From the listing below, reproduce exactly the lines starting with the one with "- RUSTY メッシュキャップ グリーン×イエロー ヴィンテージ加工" and going on through the one with "ウェディング ドレス カラードレス", both ends kept. No picture is copied.
===== INFORMATION SHOWN =====
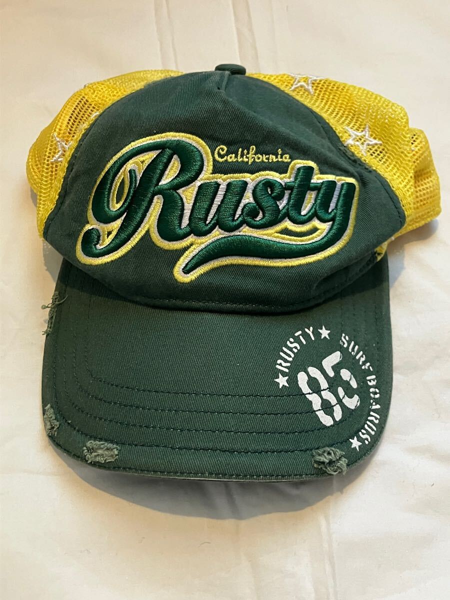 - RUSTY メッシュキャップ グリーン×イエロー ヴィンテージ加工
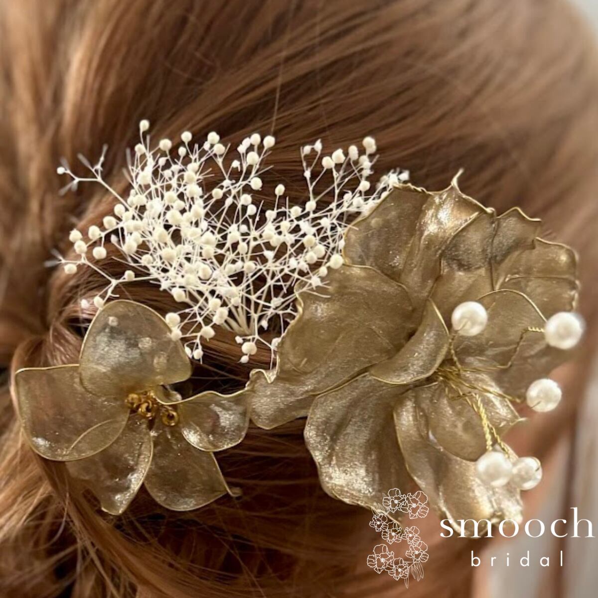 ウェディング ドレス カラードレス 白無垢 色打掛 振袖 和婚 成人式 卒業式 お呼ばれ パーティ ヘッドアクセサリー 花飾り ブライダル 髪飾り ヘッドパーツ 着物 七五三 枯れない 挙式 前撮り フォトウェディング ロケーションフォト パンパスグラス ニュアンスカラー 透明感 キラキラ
=====
===== INFORMATION SHOWN =====
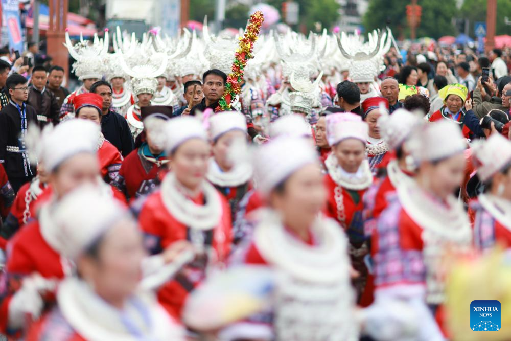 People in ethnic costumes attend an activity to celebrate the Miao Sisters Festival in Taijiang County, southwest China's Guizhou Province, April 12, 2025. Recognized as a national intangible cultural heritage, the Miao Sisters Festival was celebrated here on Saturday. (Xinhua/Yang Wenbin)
=====
===== INFORMATION SHOWN =====
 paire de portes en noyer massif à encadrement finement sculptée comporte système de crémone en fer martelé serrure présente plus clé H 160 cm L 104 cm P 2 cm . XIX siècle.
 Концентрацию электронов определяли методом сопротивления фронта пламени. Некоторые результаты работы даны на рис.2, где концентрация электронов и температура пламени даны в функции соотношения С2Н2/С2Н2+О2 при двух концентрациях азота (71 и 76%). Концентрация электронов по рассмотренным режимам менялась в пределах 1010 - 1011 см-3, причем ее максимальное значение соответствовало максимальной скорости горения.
=====
ANSWER TO THIS EXERCISE:
 - RUSTY メッシュキャップ グリーン×イエロー ヴィンテージ加工
 ウェディング ドレス カラードレス 白無垢 色打掛 振袖 和婚 成人式 卒業式 お呼ばれ パーティ ヘッドアクセサリー 花飾り ブライダル 髪飾り ヘッドパーツ 着物 七五三 枯れない 挙式 前撮り フォトウェディング ロケーションフォト パンパスグラス ニュアンスカラー 透明感 キラキラ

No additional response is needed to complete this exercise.